The listing below contains a span that opens with the line containing "Application. The FLEXTREAD" and closes with the line containing "2020년부터 2024년까지 매출액과". Return that span exactly.

Records for the task =>
= Beginning of Section =

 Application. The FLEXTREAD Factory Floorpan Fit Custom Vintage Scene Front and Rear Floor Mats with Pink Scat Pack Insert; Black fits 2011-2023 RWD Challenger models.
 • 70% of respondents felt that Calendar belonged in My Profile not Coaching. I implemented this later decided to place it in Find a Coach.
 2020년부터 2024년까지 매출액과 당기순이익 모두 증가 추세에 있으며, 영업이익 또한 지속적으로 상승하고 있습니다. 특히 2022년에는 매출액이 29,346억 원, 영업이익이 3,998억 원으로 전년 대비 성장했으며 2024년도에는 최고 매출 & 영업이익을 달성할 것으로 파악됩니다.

= End of Section =
= Beginning of Section =

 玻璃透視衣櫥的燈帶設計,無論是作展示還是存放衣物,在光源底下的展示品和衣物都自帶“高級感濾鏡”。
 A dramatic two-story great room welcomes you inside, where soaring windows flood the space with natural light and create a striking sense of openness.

= End of Section =

Exercise answer =>
 Application. The FLEXTREAD Factory Floorpan Fit Custom Vintage Scene Front and Rear Floor Mats with Pink Scat Pack Insert; Black fits 2011-2023 RWD Challenger models.
 • 70% of respondents felt that Calendar belonged in My Profile not Coaching. I implemented this later decided to place it in Find a Coach.
 2020년부터 2024년까지 매출액과 당기순이익 모두 증가 추세에 있으며, 영업이익 또한 지속적으로 상승하고 있습니다. 특히 2022년에는 매출액이 29,346억 원, 영업이익이 3,998억 원으로 전년 대비 성장했으며 2024년도에는 최고 매출 & 영업이익을 달성할 것으로 파악됩니다.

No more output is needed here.